ACTIVITY ▸ Look below for the line holding "Festo PUN-H műanyag" and the line holding "Аккумулятор CSB GPL". Transcribe exactly those lines and all lines between them, nothing more.

EXTRACTED RECORDS ▸
########################################

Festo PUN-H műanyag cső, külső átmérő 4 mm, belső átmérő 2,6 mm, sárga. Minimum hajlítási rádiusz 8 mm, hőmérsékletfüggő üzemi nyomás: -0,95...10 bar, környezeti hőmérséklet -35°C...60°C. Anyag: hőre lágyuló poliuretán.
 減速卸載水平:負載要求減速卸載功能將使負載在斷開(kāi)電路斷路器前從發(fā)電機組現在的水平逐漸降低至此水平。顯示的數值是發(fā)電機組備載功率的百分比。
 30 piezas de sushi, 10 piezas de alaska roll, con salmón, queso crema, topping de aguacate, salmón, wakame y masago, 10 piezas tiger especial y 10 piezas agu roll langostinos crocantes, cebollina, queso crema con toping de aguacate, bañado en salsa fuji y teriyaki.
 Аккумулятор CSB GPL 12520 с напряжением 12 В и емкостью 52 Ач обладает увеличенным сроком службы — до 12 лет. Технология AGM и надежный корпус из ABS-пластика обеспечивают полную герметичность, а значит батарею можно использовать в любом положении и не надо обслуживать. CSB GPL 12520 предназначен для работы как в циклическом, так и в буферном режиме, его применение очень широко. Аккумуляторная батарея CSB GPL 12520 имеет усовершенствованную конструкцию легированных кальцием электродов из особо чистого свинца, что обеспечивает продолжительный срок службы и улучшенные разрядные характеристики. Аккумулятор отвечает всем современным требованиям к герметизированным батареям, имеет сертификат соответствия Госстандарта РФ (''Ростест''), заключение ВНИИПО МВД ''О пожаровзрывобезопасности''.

########################################

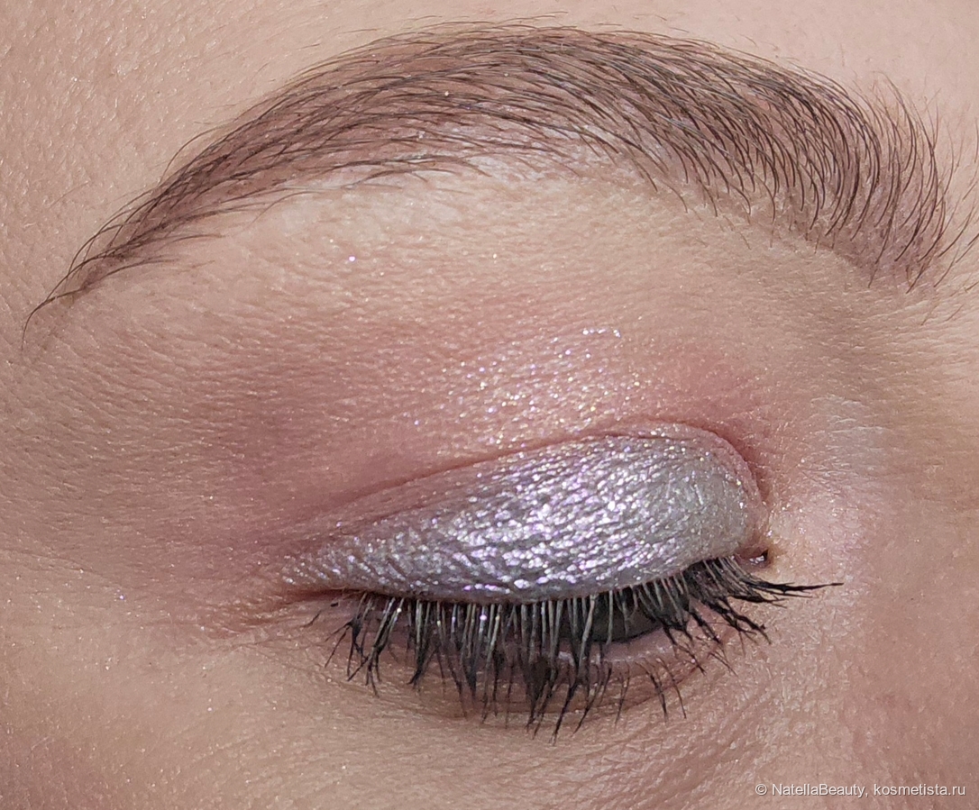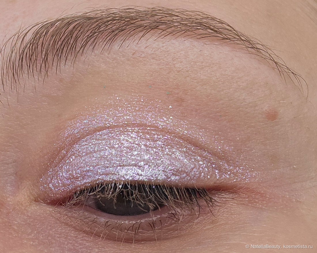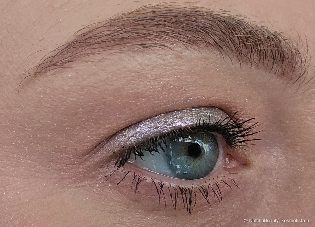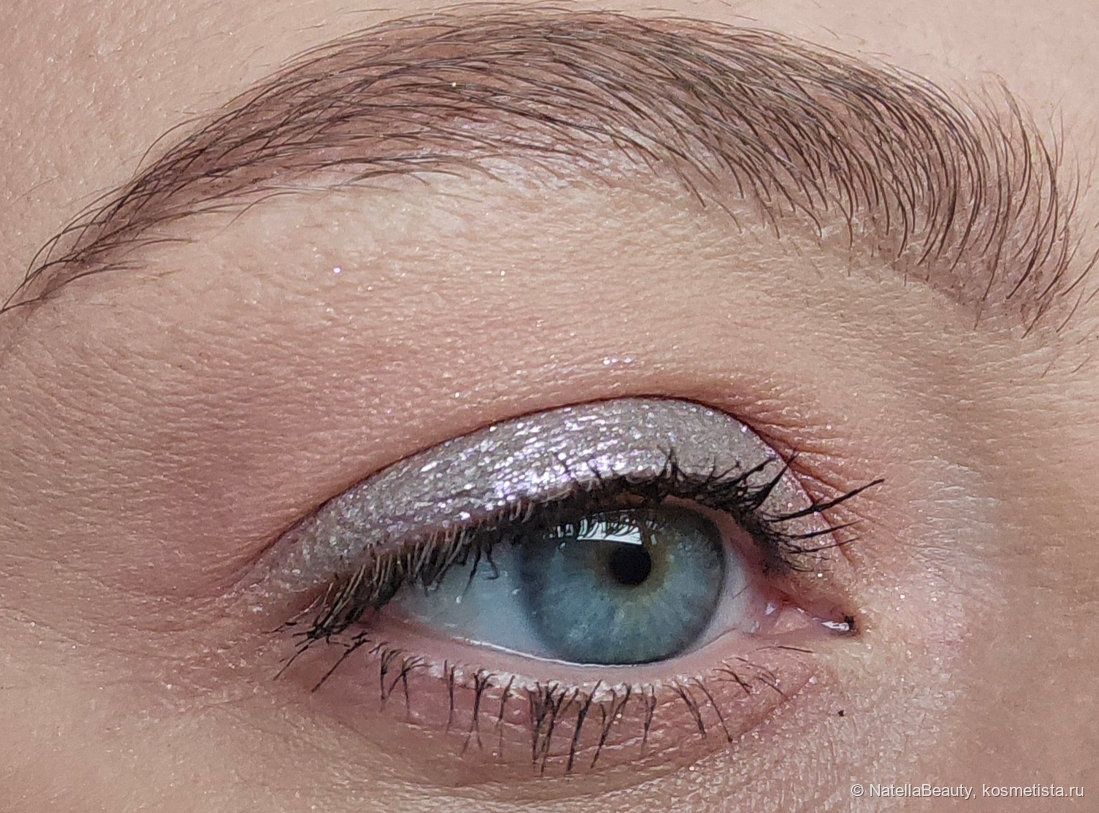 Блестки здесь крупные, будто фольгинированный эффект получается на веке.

########################################

SOLVED EXERCISE ▸
Festo PUN-H műanyag cső, külső átmérő 4 mm, belső átmérő 2,6 mm, sárga. Minimum hajlítási rádiusz 8 mm, hőmérsékletfüggő üzemi nyomás: -0,95...10 bar, környezeti hőmérséklet -35°C...60°C. Anyag: hőre lágyuló poliuretán.
 減速卸載水平:負載要求減速卸載功能將使負載在斷開(kāi)電路斷路器前從發(fā)電機組現在的水平逐漸降低至此水平。顯示的數值是發(fā)電機組備載功率的百分比。
 30 piezas de sushi, 10 piezas de alaska roll, con salmón, queso crema, topping de aguacate, salmón, wakame y masago, 10 piezas tiger especial y 10 piezas agu roll langostinos crocantes, cebollina, queso crema con toping de aguacate, bañado en salsa fuji y teriyaki.
 Аккумулятор CSB GPL 12520 с напряжением 12 В и емкостью 52 Ач обладает увеличенным сроком службы — до 12 лет. Технология AGM и надежный корпус из ABS-пластика обеспечивают полную герметичность, а значит батарею можно использовать в любом положении и не надо обслуживать. CSB GPL 12520 предназначен для работы как в циклическом, так и в буферном режиме, его применение очень широко. Аккумуляторная батарея CSB GPL 12520 имеет усовершенствованную конструкцию легированных кальцием электродов из особо чистого свинца, что обеспечивает продолжительный срок службы и улучшенные разрядные характеристики. Аккумулятор отвечает всем современным требованиям к герметизированным батареям, имеет сертификат соответствия Госстандарта РФ (''Ростест''), заключение ВНИИПО МВД ''О пожаровзрывобезопасности''.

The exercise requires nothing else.